Soylent Green is a 1973 film remake of the 1966 dystopian novel Make Room!Make Room!, regarding overpopulation in specifically New York City. The film has a cheapo-1970s feel to it, and Charlton Heston’s acting is often unbearable, but the film does a decent job to convey concerns found in the novel. There are stairways in decrepit buildings coated with human beings with nowhere else to sleep, food riots after rationing shortages and the poor rioters are scooped up into the backs of dump-trucks, and one of the best scenes where Thorn (a name that doesn’t help the film’s general feeling of mild sleaze) manages to sneak into the Soylent Green factory itself and sees the truth behind the manufacture of Soylent Green: piles of white-covered corpses being liquidated into food-form.
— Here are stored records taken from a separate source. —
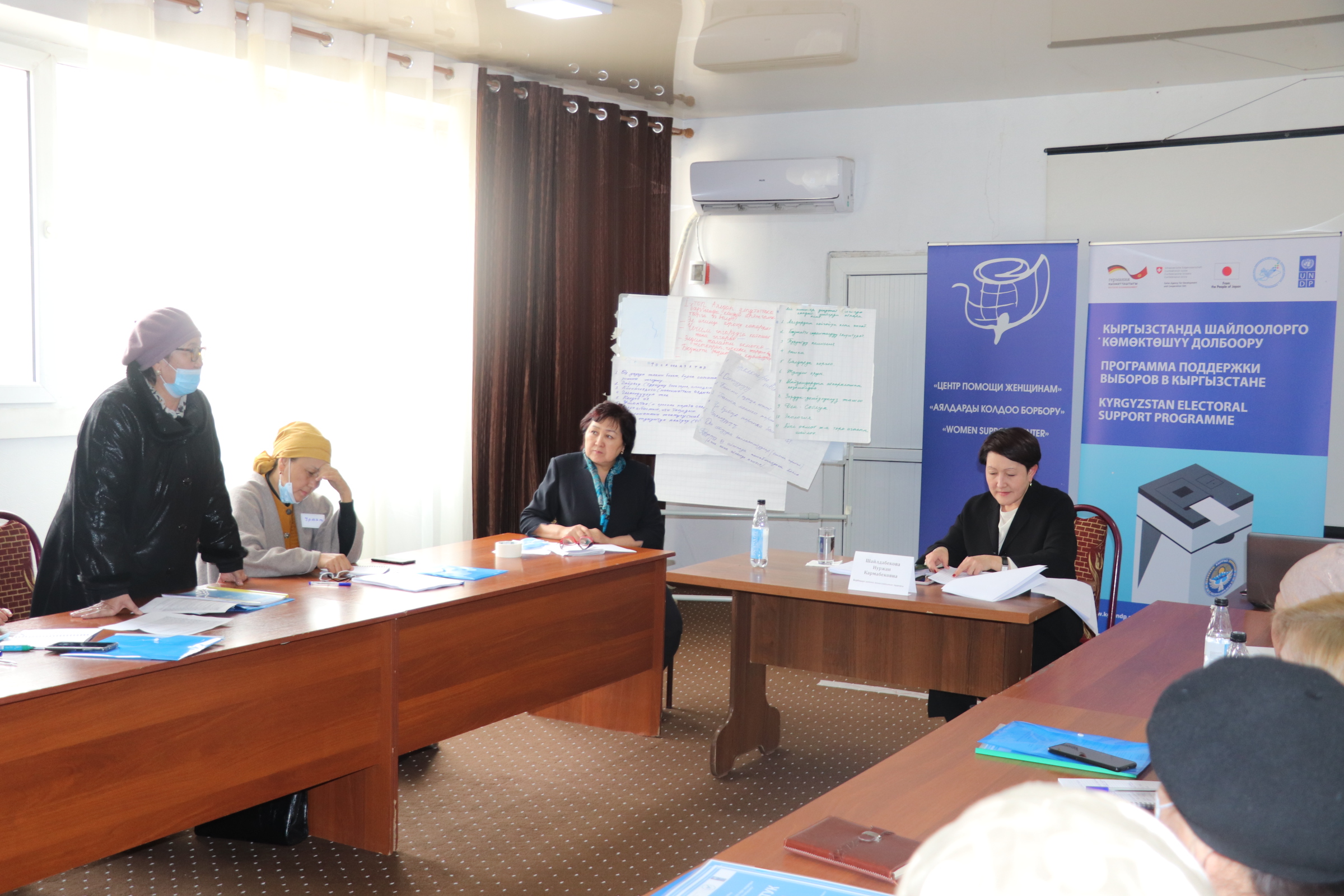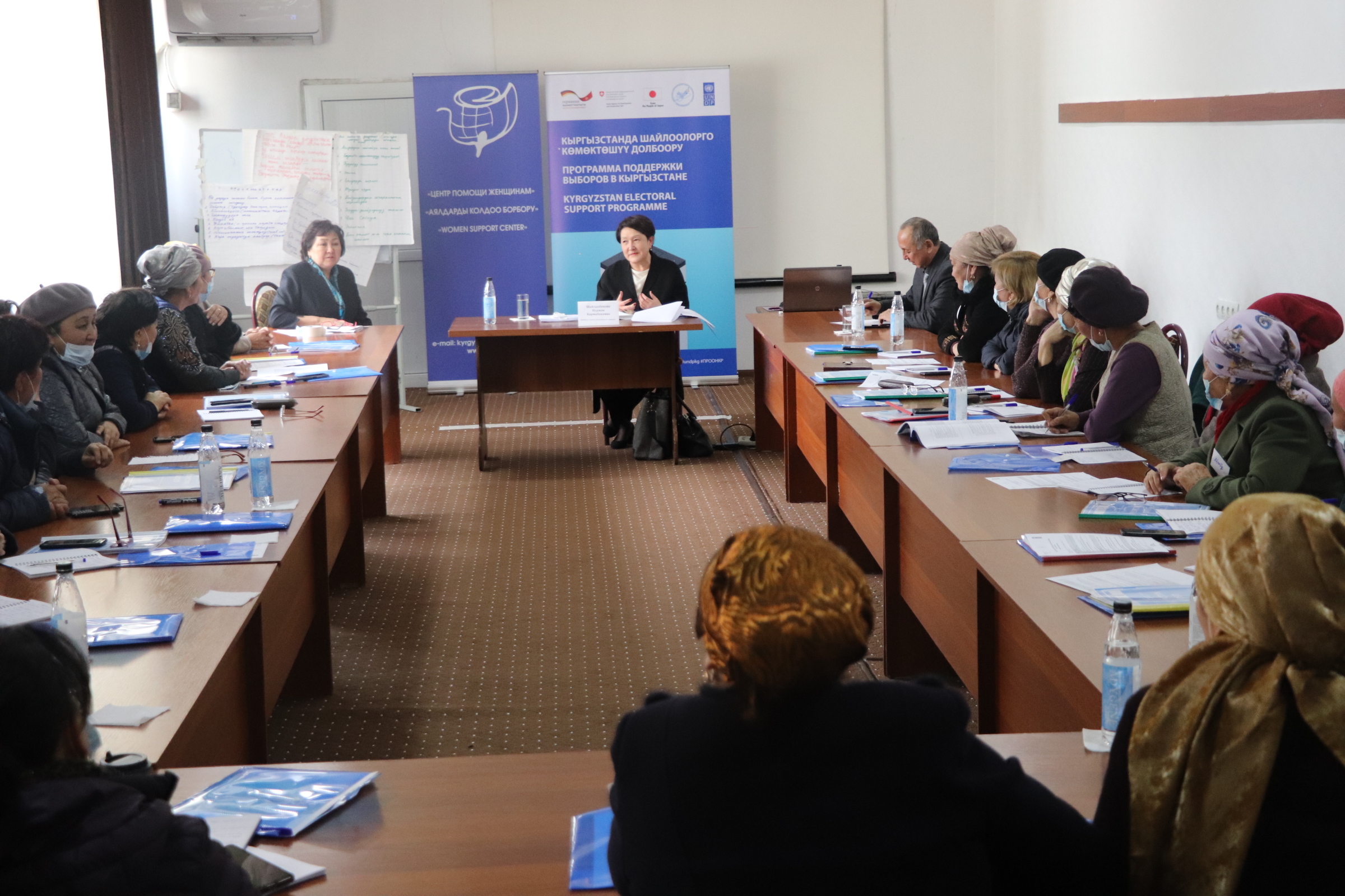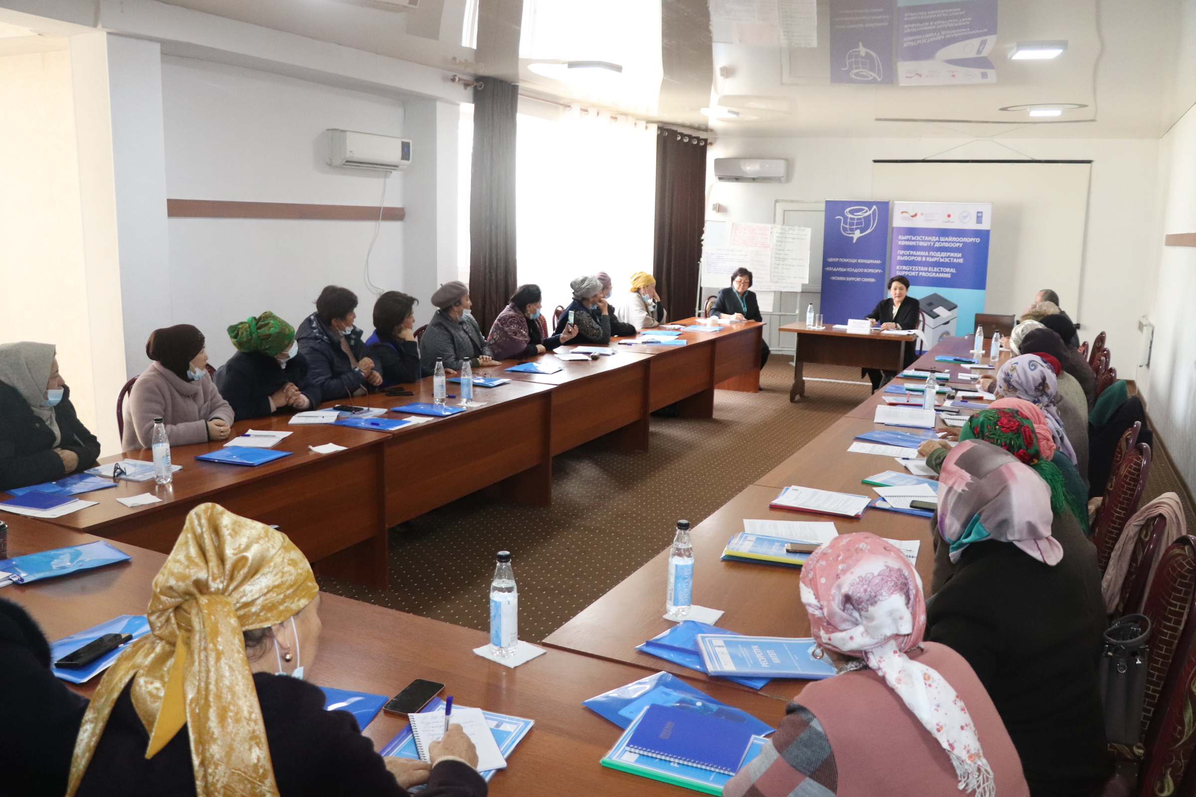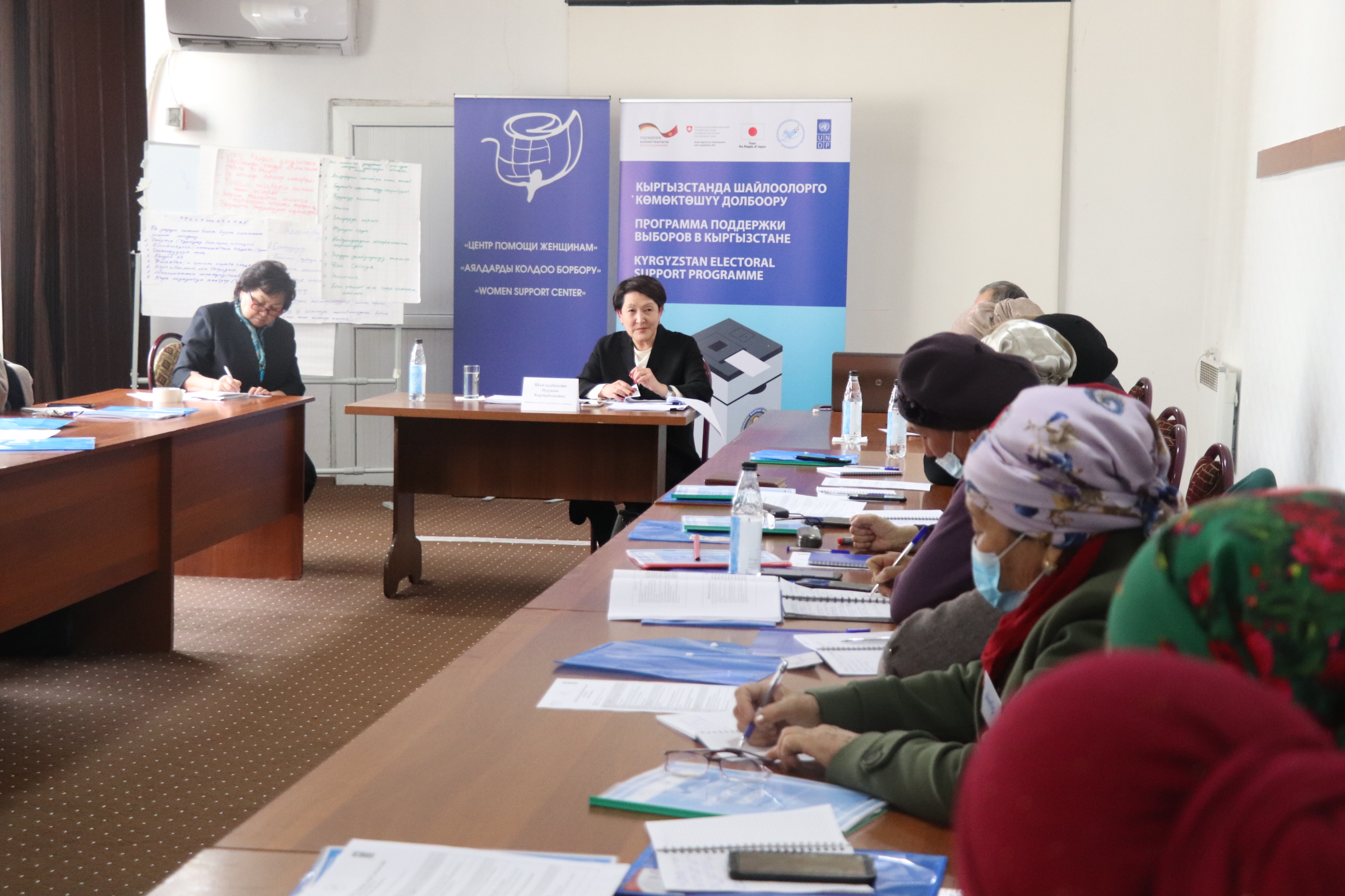 Тренингдердин алкагында катышуучулар аялдардын чечимдерди кабыл алууга катышуусунун маанилүүлүгүн, шайлоо мезгилинде аларды алдыга жылдыруунун жолдорун, жергиликтүү кеңештерге аялдар үчүн 30 %дык квота боюнча жаңы мыйзамды ишке ашыруу, жергиликтүү активисттерге дем берүүнү талкуулашат.
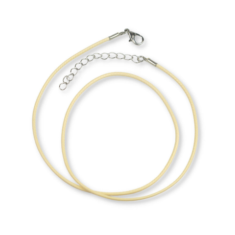 Vanília színű műbőr nyaklánc ezüst színű kapoccsal - 50 cm 🔗 Készítsd el egyedi medáljaidat és dobd fel őket ezzel a stílusos vanília színű műbőr nyaklánccal! A lánc biztonságos, ezüst színű fém kapoccsal záródik. Főbb jellemzők: Szín: Vanília Any...
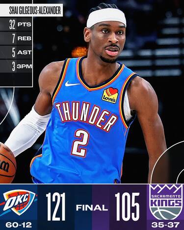 I Thunder sbancano Sacramento e ottengono così la loro 60^ vittoria in regular season, importanti successi per Houston, al momento in 2^ posizione a Ovest, e per Memphis, che sorpassa i Lakers e sale al 4° posto in classifica
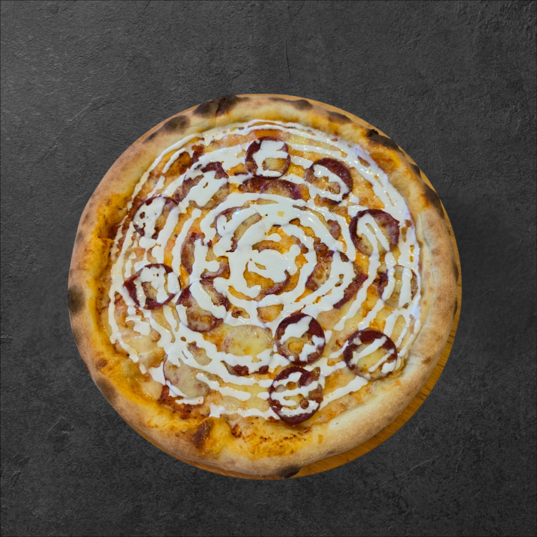 Tomatao sauce, gouda, mozzarella, spicy sausage, panna.
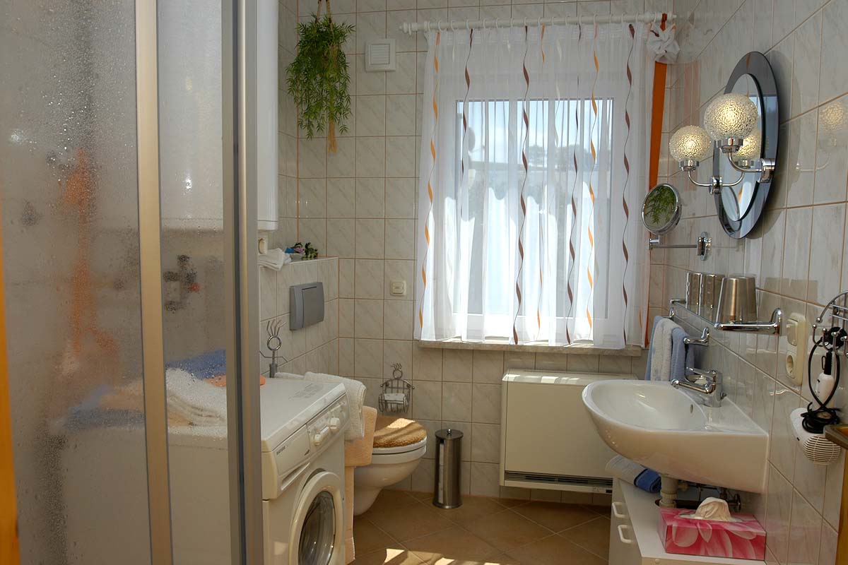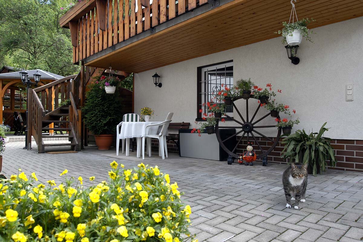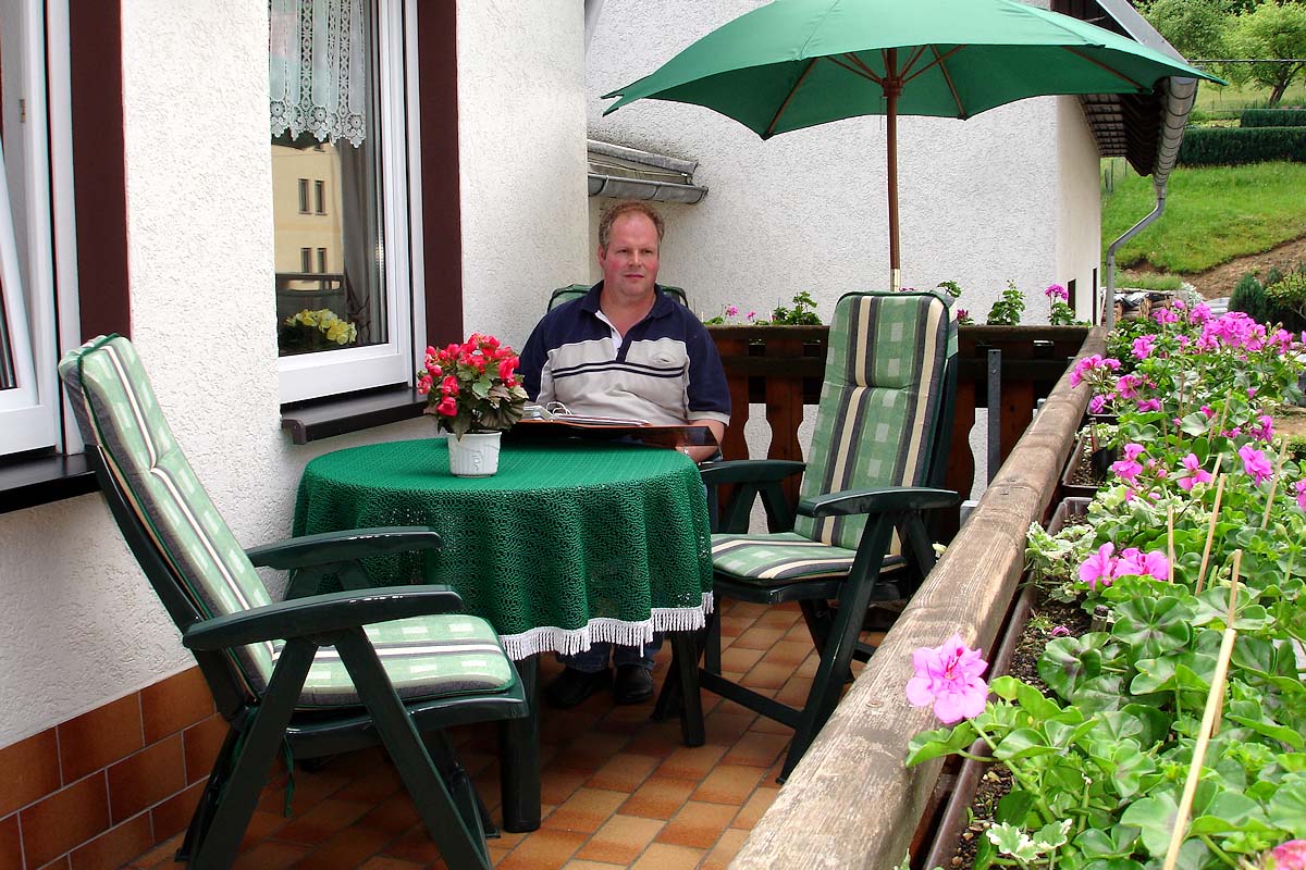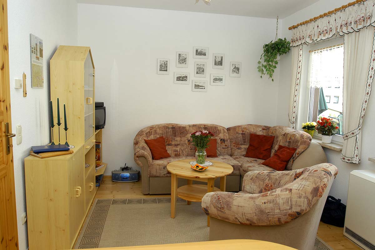 Die Ferienwohnung hat einen separaten Eingang und ist über eine Außentreppe und einen großen sonnigen Balkon zu erreichen. Die Wohnung ist freundlich und geschmackvoll im Landhausstil eingerichtet. SAT-TV, Radio, Telefon und WLAN sind vorhanden, ebenso einige Gesellschaftsspiele.

The scenario of the film and novel unfortunately does not seem very far-fetched: corporations, who by default or otherwise are in control of food production, decide upon, or are forced to take an extremely immoral decision due to extreme overpopulation, making food that is made of dead human beings to feed the “wretched refuse” that is the “teeming masses” of hopeless, living human beings. Would many people even want to know what it is that they are eating? Even people today, in times when, in the United States at least, there is an overabundance of food choices, often people want to remain ignorant of what it is they are eating. So its plausible to assume even if, and its left indeterminate at the end of the film if the public will ever know Soylent Green is made of dead bodies, people are starving and desperate, that they would choose to eat Soylent Green despite knowing what it is. The film makes a great effort to show the suffering and inhuman misery that the people of a hopelessly overpopulated New York City are going through. Which might not have been far from the real suffering of NYC during the time period the film was made.
In each of the films and the novels that they are based on, and also the novel Feed discussed in the Fahrenheit 451 essay, a major theme or facet is a dominating power of corporations/governments, and their power of being able to maintain a total manipulation over unsuspecting people. This is the same too in Aldous Huxley’s Brave New World, which is also discussed in the essay. Soylent Green does a good job of showing the differences between the realities of the rich and the poor; how in the posh apartment of the murdered elite William R. Simonson things can be found like soap, liquor, beef, and real vegetables, while out in the world these things are impossible to find and the great majority of people are even being fed dead human beings.